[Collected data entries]
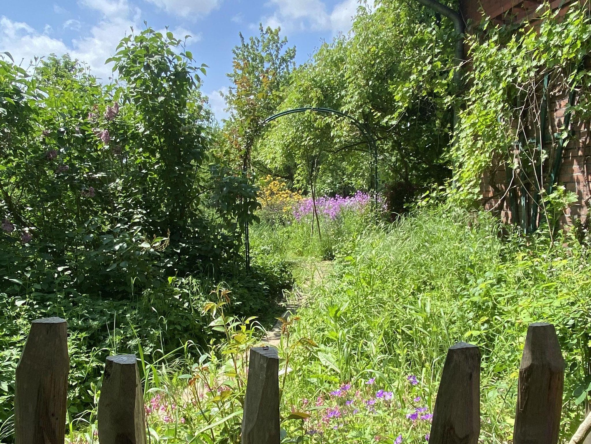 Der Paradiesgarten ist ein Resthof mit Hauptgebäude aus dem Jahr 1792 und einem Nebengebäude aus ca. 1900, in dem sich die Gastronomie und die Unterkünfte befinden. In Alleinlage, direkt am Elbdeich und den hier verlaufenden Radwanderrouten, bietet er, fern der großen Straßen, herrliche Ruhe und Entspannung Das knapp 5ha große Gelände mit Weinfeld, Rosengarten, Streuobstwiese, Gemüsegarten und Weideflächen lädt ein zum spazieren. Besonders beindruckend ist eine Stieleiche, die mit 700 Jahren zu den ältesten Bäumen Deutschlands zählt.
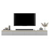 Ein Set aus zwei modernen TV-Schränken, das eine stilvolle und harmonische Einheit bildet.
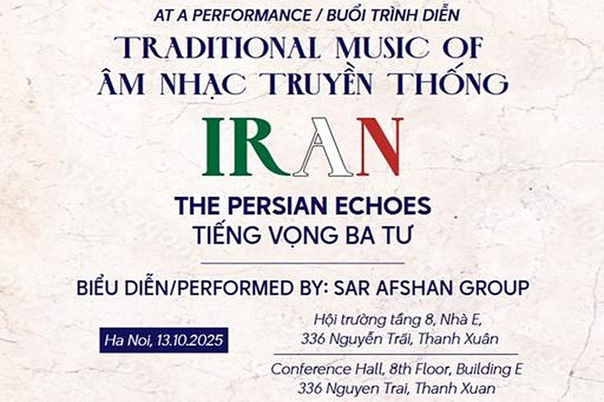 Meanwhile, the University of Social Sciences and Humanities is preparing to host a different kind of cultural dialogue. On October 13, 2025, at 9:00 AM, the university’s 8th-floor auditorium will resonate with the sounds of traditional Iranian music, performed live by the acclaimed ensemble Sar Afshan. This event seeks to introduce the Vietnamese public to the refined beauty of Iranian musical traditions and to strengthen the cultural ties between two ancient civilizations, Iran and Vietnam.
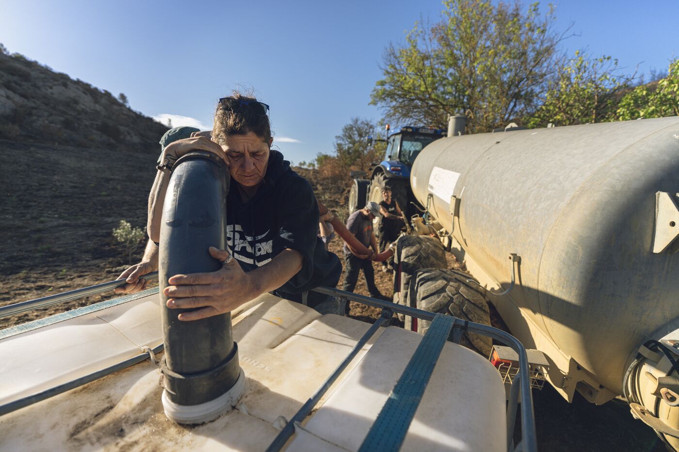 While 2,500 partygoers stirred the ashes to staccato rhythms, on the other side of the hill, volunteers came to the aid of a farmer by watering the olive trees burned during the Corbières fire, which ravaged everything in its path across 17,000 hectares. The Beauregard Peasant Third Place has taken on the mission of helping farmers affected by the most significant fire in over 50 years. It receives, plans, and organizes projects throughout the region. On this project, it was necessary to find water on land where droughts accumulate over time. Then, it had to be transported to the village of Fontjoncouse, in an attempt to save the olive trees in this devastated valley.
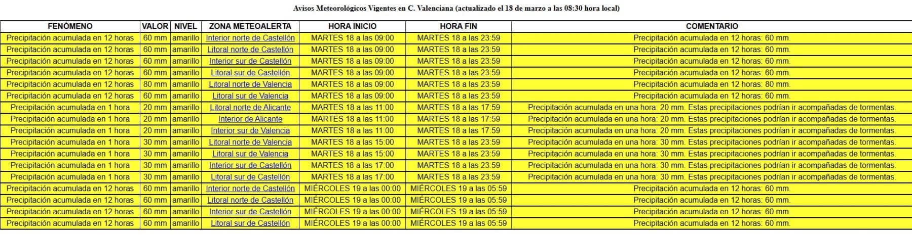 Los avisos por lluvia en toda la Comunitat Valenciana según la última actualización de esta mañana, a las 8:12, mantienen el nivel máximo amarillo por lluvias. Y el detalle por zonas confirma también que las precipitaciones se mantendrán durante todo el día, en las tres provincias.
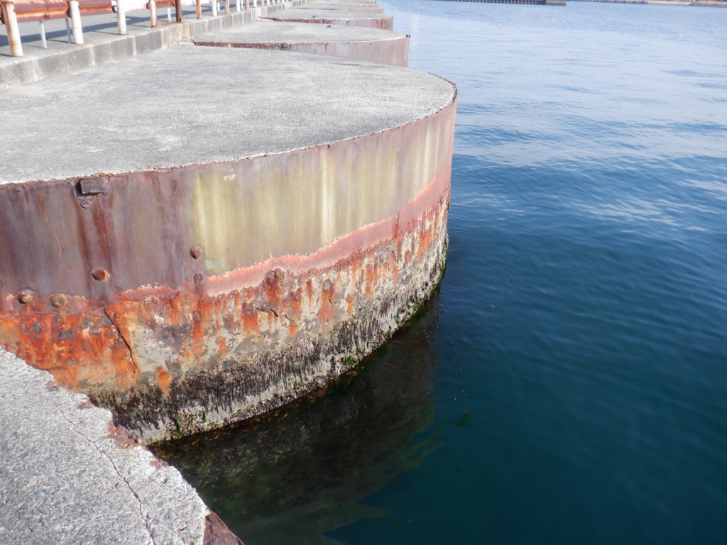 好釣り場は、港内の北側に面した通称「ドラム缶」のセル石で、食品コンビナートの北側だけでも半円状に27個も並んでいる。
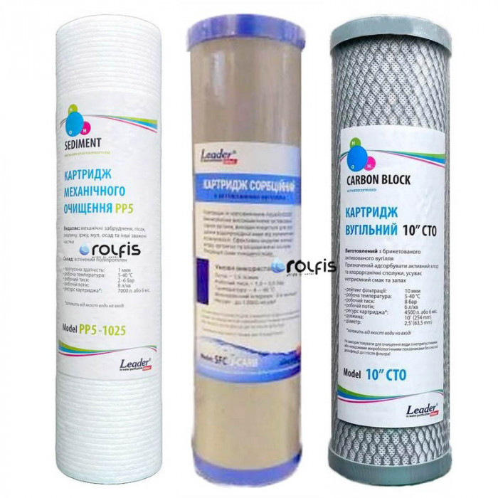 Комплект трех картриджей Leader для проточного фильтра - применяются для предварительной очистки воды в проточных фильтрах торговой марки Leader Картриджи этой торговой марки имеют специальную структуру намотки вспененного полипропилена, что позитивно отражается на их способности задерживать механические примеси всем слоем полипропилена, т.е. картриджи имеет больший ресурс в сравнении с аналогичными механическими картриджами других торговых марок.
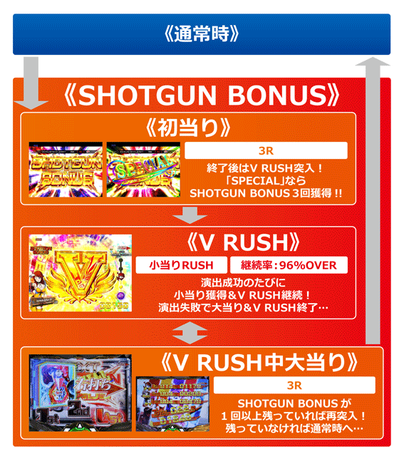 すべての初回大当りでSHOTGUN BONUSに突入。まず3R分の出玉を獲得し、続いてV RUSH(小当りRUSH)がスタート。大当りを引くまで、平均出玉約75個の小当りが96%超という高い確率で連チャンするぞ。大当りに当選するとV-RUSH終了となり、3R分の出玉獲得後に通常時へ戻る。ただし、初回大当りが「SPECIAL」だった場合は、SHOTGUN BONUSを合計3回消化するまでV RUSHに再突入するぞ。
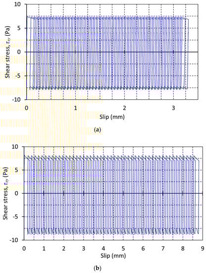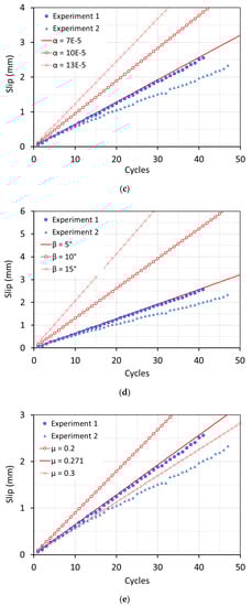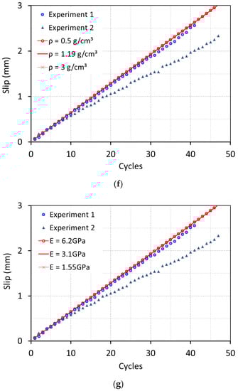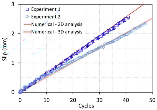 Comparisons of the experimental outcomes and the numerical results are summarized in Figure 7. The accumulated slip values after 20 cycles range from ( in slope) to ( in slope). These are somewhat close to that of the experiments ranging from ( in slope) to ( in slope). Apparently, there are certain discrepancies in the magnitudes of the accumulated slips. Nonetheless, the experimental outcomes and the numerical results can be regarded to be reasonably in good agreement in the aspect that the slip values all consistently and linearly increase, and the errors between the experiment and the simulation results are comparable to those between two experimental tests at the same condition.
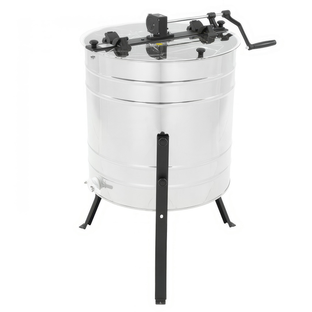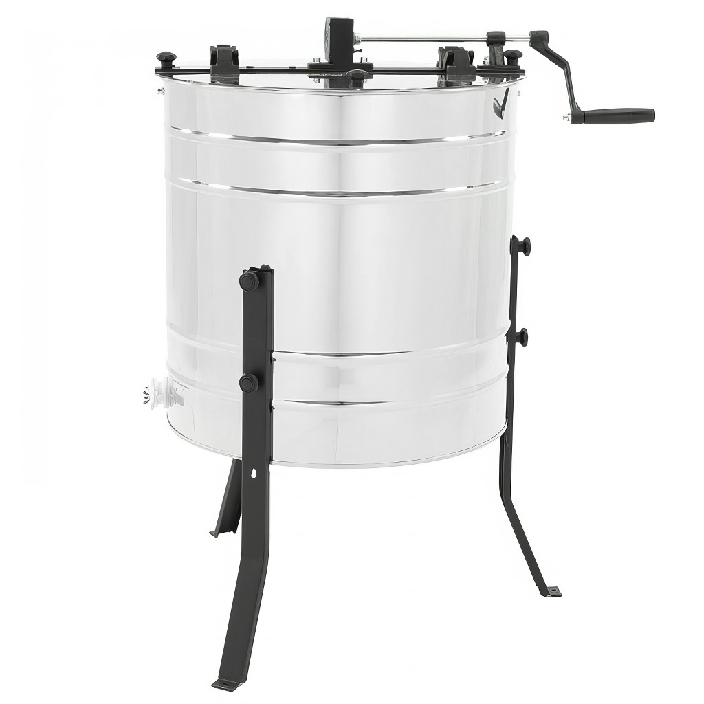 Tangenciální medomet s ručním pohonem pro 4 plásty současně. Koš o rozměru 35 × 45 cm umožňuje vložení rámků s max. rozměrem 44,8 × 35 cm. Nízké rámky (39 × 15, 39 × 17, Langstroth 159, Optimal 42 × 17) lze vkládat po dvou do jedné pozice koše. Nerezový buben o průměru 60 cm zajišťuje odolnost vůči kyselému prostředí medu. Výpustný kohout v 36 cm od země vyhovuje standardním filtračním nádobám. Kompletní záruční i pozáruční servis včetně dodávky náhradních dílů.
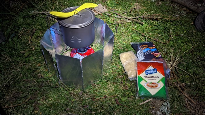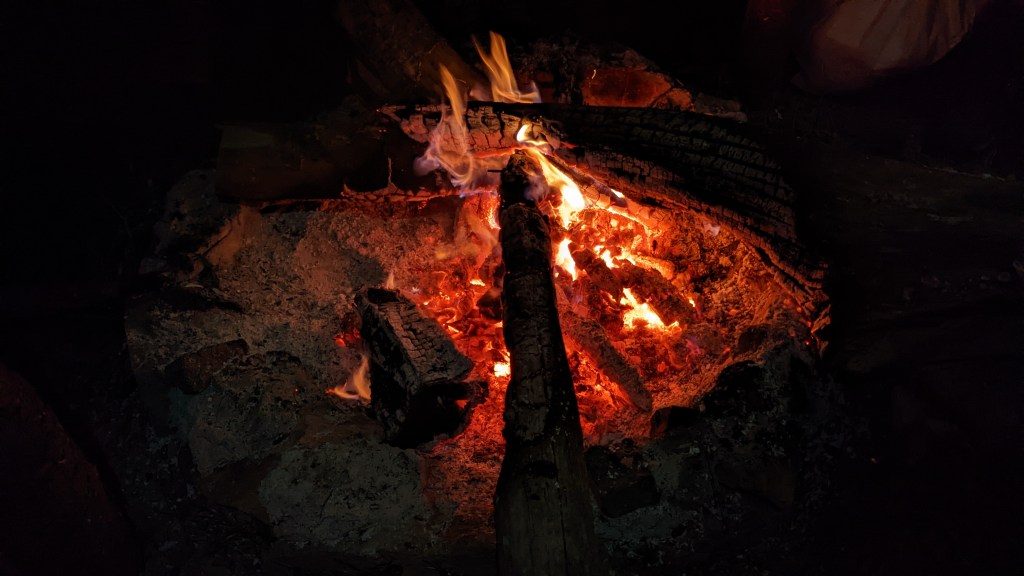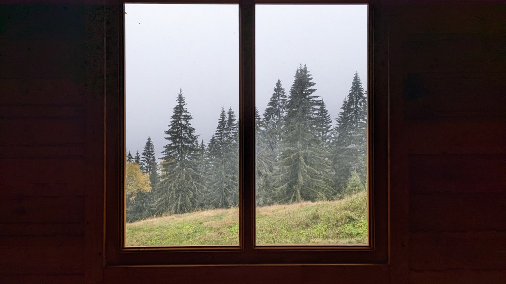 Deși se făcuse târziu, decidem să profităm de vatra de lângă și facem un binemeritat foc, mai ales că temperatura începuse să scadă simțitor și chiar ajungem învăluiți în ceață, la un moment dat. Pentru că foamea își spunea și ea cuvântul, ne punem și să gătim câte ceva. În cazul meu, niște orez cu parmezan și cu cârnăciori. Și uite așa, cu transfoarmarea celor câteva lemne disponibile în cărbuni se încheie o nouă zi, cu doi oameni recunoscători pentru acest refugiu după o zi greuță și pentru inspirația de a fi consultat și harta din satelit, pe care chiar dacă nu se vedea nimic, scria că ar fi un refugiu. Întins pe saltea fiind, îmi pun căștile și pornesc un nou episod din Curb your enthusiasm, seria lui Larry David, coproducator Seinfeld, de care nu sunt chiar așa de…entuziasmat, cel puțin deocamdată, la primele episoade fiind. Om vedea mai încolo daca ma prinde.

= TASK ITEM =
The answer is the lines above from the one with "Comparisons of the" to the one with "Tangenciální medomet s", set down exactly, with no pictures.

= EXERCISE RESPONSE =
 Comparisons of the experimental outcomes and the numerical results are summarized in Figure 7. The accumulated slip values after 20 cycles range from ( in slope) to ( in slope). These are somewhat close to that of the experiments ranging from ( in slope) to ( in slope). Apparently, there are certain discrepancies in the magnitudes of the accumulated slips. Nonetheless, the experimental outcomes and the numerical results can be regarded to be reasonably in good agreement in the aspect that the slip values all consistently and linearly increase, and the errors between the experiment and the simulation results are comparable to those between two experimental tests at the same condition.
 Tangenciální medomet s ručním pohonem pro 4 plásty současně. Koš o rozměru 35 × 45 cm umožňuje vložení rámků s max. rozměrem 44,8 × 35 cm. Nízké rámky (39 × 15, 39 × 17, Langstroth 159, Optimal 42 × 17) lze vkládat po dvou do jedné pozice koše. Nerezový buben o průměru 60 cm zajišťuje odolnost vůči kyselému prostředí medu. Výpustný kohout v 36 cm od země vyhovuje standardním filtračním nádobám. Kompletní záruční i pozáruční servis včetně dodávky náhradních dílů.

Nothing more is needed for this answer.